Tuesday, May 5, 2009

Sibling Assignment #93: The Last Good Kiss You Had Was Years Ago

For our 93rd sibling assignment, InlandEmpireGirl went a little bit outside what we usually do. Here's what she assigned us to do:

"A Perfect Pair.... find a piece of art and a poem that are a perfect pair. Explain why they are so perfectly matched."


I hope you'll go look at and read my sisters' work on this. You'll find Silver Valley Girl's -- well, I was going to say "here", but I can't find her post for this assignment. I hope she'll help me find it! But InlandEmpireGirl paired an Anne Sexton poem with a piece of art by Lauren Hamilton, here. Between the two you can experience how the world of the child and the adult are not far apart. At all.

Click on this image for a larger view.

Edward Hopper's "Nighthawks" portrays the loneliness of a man at a diner, presumably late at night. His isolation at the counter is magnified by the presence of a couple at the far end of the counter, and the distance between him and them and by the distance between him and man working the counter. The man is sitting at an angle that has him looking away from the diner's employee and the downward tilt of his head suggests little contact with the couple. Furthermore, the diner itself curves, it curves into darkness, suggesting that upon leaving this place, the man will stroll further into isolation.

Similarly, Richard Hugo's "Degrees of Gray In Philipsburg" explores loneliness, isolation, and defeat. Philipsburg is a rural Montana town on the decline. There's not much reason to go there....but, "You might come here Sunday on a whim./Say your life broke down. The last good kiss/ you had was years ago." Nothing else to do. I'll go to Philipsburg. I can be lonely, broken down in that broken down town, that town whose glory days are deep in the mining past, as well as anywhere else.

The man at the diner: when was his last good kiss? Has his life broken down? Why is he seated at this Chicago night spot, all alone, folded into himself? On a whim?

This is what I'm most attracted to in poetry, art, movies, and stories: loneliness. I just watched The Wrestler not long ago and its portrayal of the brokenness of a man in his early fifties without love, with an alienated daughter, thanks to his own failings, and with his glory days way behind him speaks to the shadow side of American optimism and faith in the strength of the individual. For many, as represented in this painting, this poem, and in The Wrestler, individualism equals isolation, loneliness, and lives broken down.



Degrees Of Gray In Philipsburg
--Richard Hugo
You might come here Sunday on a whim.
Say your life broke down. The last good kiss
you had was years ago. You walk these streets
laid out by the insane, past hotels
that didn't last, bars that did, the tortured try
of local drivers to accelerate their lives.
Only churches are kept up. The jail
turned 70 this year. The only prisoner
is always in, not knowing what he's done.

The principal supporting business now
is rage. Hatred of the various grays
the mountain sends, hatred of the mill,
The Silver Bill repeal, the best liked girls
who leave each year for Butte. One good
restaurant and bars can't wipe the boredom out.
The 1907 boom, eight going silver mines,
a dance floor built on springs--
all memory resolves itself in gaze,
in panoramic green you know the cattle eat
or two stacks high above the town,
two dead kilns, the huge mill in collapse
for fifty years that won't fall finally down.

Isn't this your life?
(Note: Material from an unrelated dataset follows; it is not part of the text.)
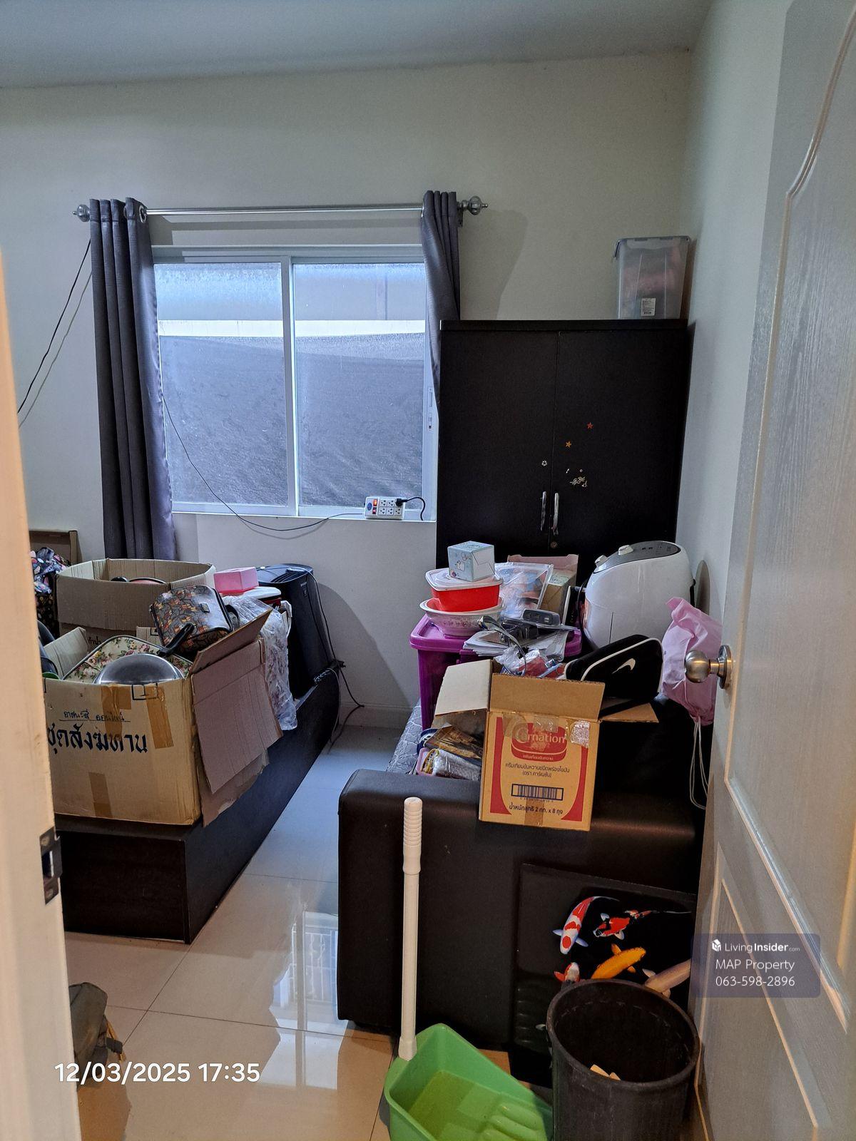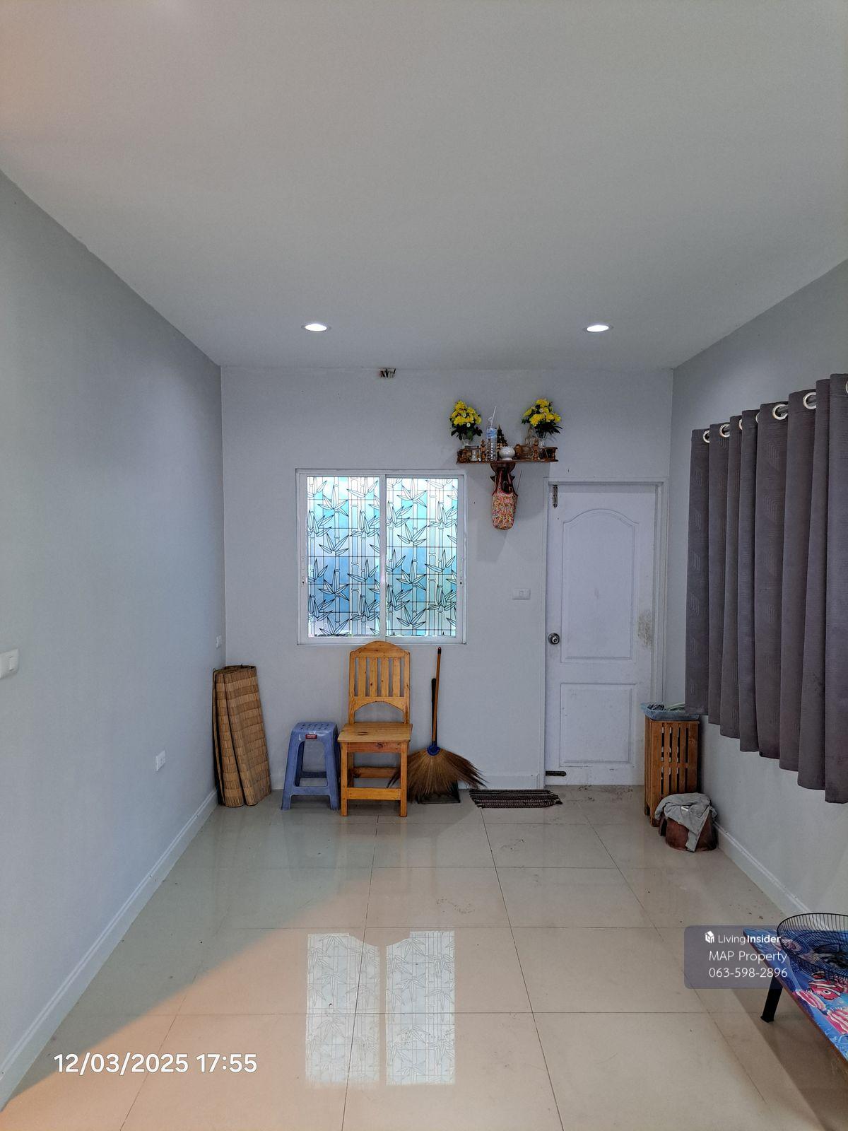 2-storey townhouse for sale at a rim room of 2.55 million baht in the Village, Rama 2 km, 18 km -Size 28.7 sq.w., 97 sqm. -4 bedrooms, 2 bathrooms, 1 multi-purpose hall -The front of the house has a car park with a roof parking space. The back of the house has a washing area -There is a area beside the house, 1.80 meters wide For more information, contact: Khun Kitphon Wichit 086.469.1515

That ancient kiss
still burning out your eyes? Isn't this defeat
so accurate, the church bell simply seems
a pure announcement: ring and no one comes?
Don't empty houses ring? Are magnesium
and scorn sufficient to support a town,
not just Philipsburg, but towns
of towering blondes, good jazz and booze
the world will never let you have
until the town you came from dies inside?
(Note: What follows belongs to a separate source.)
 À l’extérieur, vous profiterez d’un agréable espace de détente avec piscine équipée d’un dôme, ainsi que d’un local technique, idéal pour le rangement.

Say no to yourself. The old man, twenty
when the jail was built, still laughs
although his lips collapse. Someday soon,
he says, I'll go to sleep and not wake up.
You tell him no. You're talking to yourself.
The car that brought you here still runs.
The money you buy lunch with,
no matter where it's mined, is silver
and the girl who serves your food
is slender and her red hair lights the wall.

1 comment:

Christy Woolum said...

This is a perfect pair for sure. I really like this picture and I would have never thought of pairing it with Hugo's poem.As M. Toasty is famous for saying, "Brill, absolutely Brill."